Not like in Paris. In Paris, every time there’s a wave they have to 3D-print these knobbly pads to glue onto every other metro seat, and then have to chase away the people hawking 3D-printed cushions that fit right over them. That was the last trip me and Jan took together, Paris and then Nantes. Lots of laughs.

Anyways. Here, people play by the rules. I remember visiting Prague once before the Big One, and even back then everybody was painfully polite on the tram. Hardly ever talking, always ready to spring up out of their seats when anybody old got on. Happened to me a couple times, and that was when my hair was only halfway gray.

But these two in their glow-up masks are excited, and it makes them loud, and that makes them annoying. The stream of Czech is punctuated by whoops and laughter. I’ve been here a decade, but I catch hardly anything. It’s rare I speak Czech now that Jan’s passed, and I was shit even before the rust set in—I took lessons for his sake, but I’ve got no aptitude for language.

Especially not ones with seven cases, free-for-all word order, and the ř sound, which basically requires turning one’s mouth into an electric drill. If I ever have to differentiate between třicet, which is thirty, and čtyřicet, which is forty, I go straight to showing fingers. Better than scaring people who might think I’m having a stroke.

But then, from behind the taller teen’s grinning mask, I hear a word I can suss out: koronapárty. We all know that prefix, and “party” has invaded an awful lot of lexicons, Czech included. But we’re on lockdown again, which means curfew’s in effect and partying with over ten people is prohibited.

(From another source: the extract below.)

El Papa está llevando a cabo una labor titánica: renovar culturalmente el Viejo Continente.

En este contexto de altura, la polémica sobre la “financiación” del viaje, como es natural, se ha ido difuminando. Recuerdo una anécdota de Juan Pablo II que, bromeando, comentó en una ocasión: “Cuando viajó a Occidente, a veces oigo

Maybe they’re discussing a nine-person party, or maybe they’re using the term ironically. Kids do love their irony. Or maybe they’re planning a massive, illegal, underground infection vector fest. It’s not really my business.

Until I hear another intelligible word: Dělnická. Which is the name of my fucking street.

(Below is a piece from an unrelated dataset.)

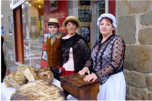
Et dégustation du beurre sur une bouchée de pain de 6 livres cuit pour l'occasion.
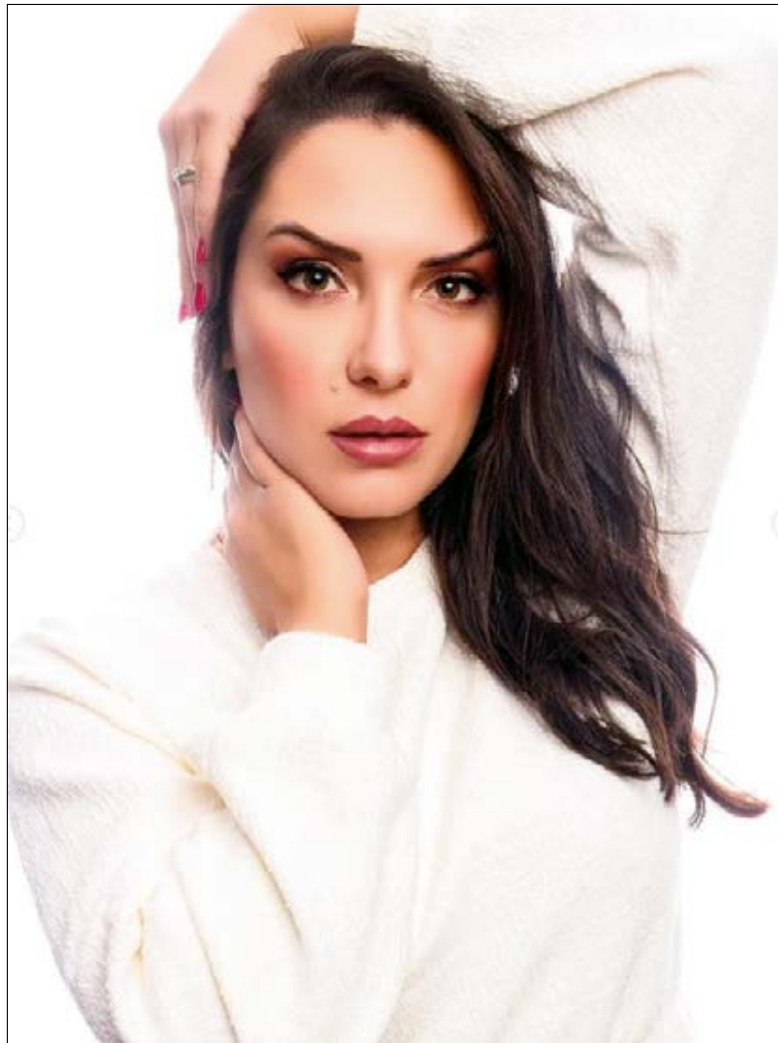
A atuante deputada estadual Janaina Riva, que movimentou as redes sociais com este lindo ensaio fotográfico. Sou fã e amei!!!

E vai uma inédita aí para os meus leitores. O renomado chef Waldemar Untar é quem vai assinar o buffet da Feijoada de Inverno 2022. Competente como ele e sua equipe são, com certeza darão um show de sabores e beleza para as ilhas gastronômicas do evento.

I link my hearing imp to my phone, one of the few things I know how to do with it, and crank the volume up. Then, feeling like a bit of a sneak, I thumb my translator app, the one that helps get me through Czech ministry visits. Inside my left ear, the teens’ conversation turns into electronic English.

“Mate, it’s all set up. It’ll be great.”

“So many people, though. It makes me nervous.”

And I think, yeah, no shit, as it should. We’re on lockdown for a reason. The latest coronavirus isn’t as deadly as the Big One, but it spreads fast and parties are like petri dishes. These little twerps are endangering themselves and their neighbors and the grandmothers who probably make knedlíky for them.

The taller of the two teens just shrugs. “Wait until you see the place, mate. It’s perfect.”

“Next stop: working class.”

That last bit comes from the tram itself, which is pulling away from the Pražská tržnice stop where nobody ever gets on, seeing as it’s an open-air market and those are all closed during a spike. The translator app got overzealous. It meant to say next stop: Dělnická, a street that hasn’t been industrial or working class for a very long time but still bears the name.

The teens are still chattering about their party, but I’ve got my own concerns now. Getting out of a seat is a lot slower than it used to be.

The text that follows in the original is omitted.